Ganz gefährlich sind in diesem Zusammenhang die Kritiker an unserem Geld-System. Denn sie kritisieren nicht die etatistischen Verfehlungen, sondern wollen das Recht auf Eigentum und eigenes, selbstbestimmtes Einkommen per se in Frage stellen. Wie beispielsweise ein Professor Franz Hörmann, der das Zinssystem an sich in Frage stellt. Schnell ist man hier bei Forderungen, Geld ohne Zinsen oder sogar Schwundgeld einzuführen. Die Theorien enden dann mit der These, dass man ohne Geld an sich auskommen könnte.

Linke Professoren mit einem Anflug antisemitischer Ressentiments gegen Zinsen – das mobilisiert dann eher die rechte Gesinnung in unserer Gesellschaft. Wer soll denn Risiko-Kapital für den technischen Fortschritt zur Verfügung stellen, wenn er dafür keine Risiko-Prämie erhalten darf. Ein zinsloses System würde alle Investitions-Modelle mit Risiko-Kapital ad absurdum führen.

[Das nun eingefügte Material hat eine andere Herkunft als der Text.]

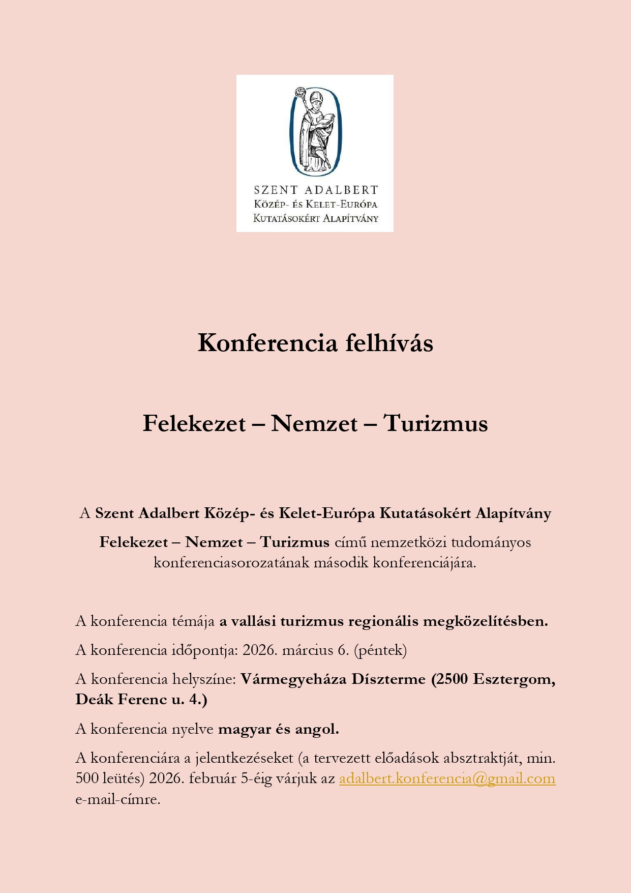 Applications for the conference (abstracts of planned presentations, min. 500 characters) should be sent to adalbert.konferencia@gmail.com by February 5, 2026.

Wer darüber hinaus immer noch der Meinung sein sollte, dass Geld sowohl Zahlungsmittel als auch Wertaufbewahrungs-Mittel ist, der sollte sich die folgenden Zeilen von Herrn Vartian in seinem letzten Hard Asset Makro einmal zu Gemüte führen: Als „Relativitätslibertäre Mengerianer“ (Menger als Begründer der Austrian School lehnte die objektive Wertaufbewahrungsfunktion von Geld überhaupt ab, weil Werte aus Nutzen stammen und subjektiv- situativ sind) stört uns die QE3- Andeutung der FED beim FOMC- Meeting überhaupt nicht. Viele selbsternannte Nachfolger von Menger wie Mieses, Neokonservative und andere Rechte, die wie beim SUV an die „One Serves All“ Lösung glauben, mag das stören, uns nicht. Weil One nämlich nie All served und das auch beim Geld so ist: Eines als Legal Tender und Transaktionsgeld, das andere (Edelmetall) zur Wertaufbewahrung, und zwar parallel.

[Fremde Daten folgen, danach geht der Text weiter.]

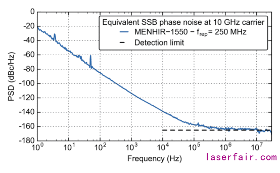 Fig 1.:(上) 在10GHz諧波上測量250MHz重頻的MENHIR-1550激光器的位相噪聲功率譜;
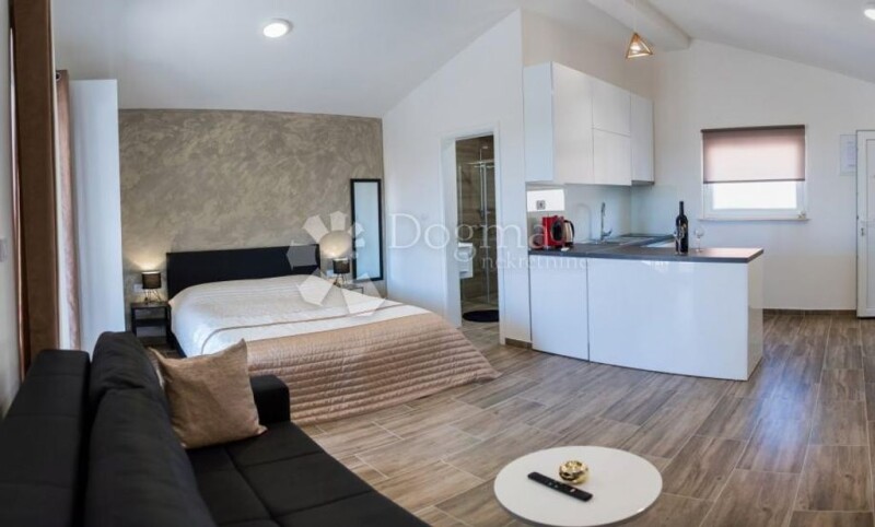 A luxuriously decorated villa with a swimming pool and equipped with modern furniture is for sale. The facility is equipped with video surveillance, video intercom, alarm system, fire alarm, SATV system, heated pool (heat pump), optical Internet, wi-fi system throughout the facility, solar heated hot sanitary water, automatic irrigation, own laundry. The facility has its own parking lot with 4 parking spaces, which is under video surveillance. The building is adapted for family life, as well as for the well-established tourism rental business (4 stars). The building was completely renovated from the ground up in 2018 with all new water, sewage, and electricity installations, and a thermal facade was installed. If necessary, it is possible to split the apartment if the new owner wants it and has the need, because each apartment has a separate entrance door that can be reached via a staircase that has a main entrance door (principle of a residential building). Dimensions: 1. Ground floor: one-room apartment (45m2), with bathroom/toilet, kitchen, bedroom and living room + covered terrace (15m2) 2. 1st floor: one-room apartment (45m2), with bathroom/toilet, kitchen, bedroom and living room + semi-covered terrace (14m2) 3. 2nd floor: studio apartment (35m2) with bathroom/toilet, kitchen, bedroom and living room + loggia/terrace (20m2) 4. Swimming pool size 20m2 with a large sunbathing area of 100m2 5. Laundry and engine room 25m2 with separate entrance 6. Closed staircase (30m2) 7. Parking with 4 parking spaces The distance from the bus station is 100 meters, the distance from the center and the beach is 15 minutes' walk. The facility is located in a flat and accessible part of Cavtat. For any additional information and/or viewing, contact me with confidence.

Aber auch alle Propagandisten für das sogenannte Bedingungslose Grundeinkommen sind genau auf der gleichen Rille des die Bürger bevormundenden Etatismus – von Politikern, die den Staat zu einer Verteilmaschinerie missbrauchen wollen.

Was schlussfolgern wir daraus: Erstens, ein Staat muss so schlank aufgestellt sein, dass er das Sicherheits-Bedürfnis seiner Bürger befriedigen kann. Darüber hinausgehende Aufgaben sind dagegen abzulehnen, weil sie ansonsten von einer Kaste der Politiker zum Stimmen-Kauf missbraucht werden können.

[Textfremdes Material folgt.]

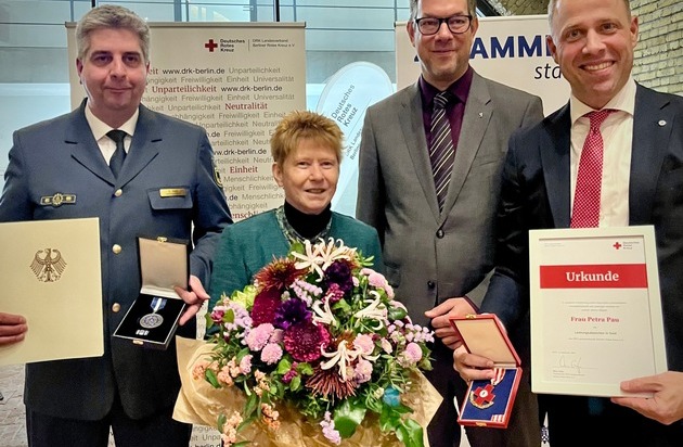 THW LVBEBBST: Doppelte Ehrung für Petra Pau - DRK Berlin und THW würdigen langjähriges ehrenamtliches Engagement

Zweitens: Eigentum und selbstverantwortliche Leistung sind die Grundfeste eines freiheitlichen Gesellschafts-Systems. Solidarisches Handeln ist auf die Familie oder eine überschaubare Gruppe von Bürgern zu begrenzen. Dabei gilt das Subsidiaritätsprinzip – der schlanke Staat hat also nur in Ausnahmefällen einzugreifen.

Wir müssen wieder weniger Demokratie wagen und mehr Selbstverantwortung.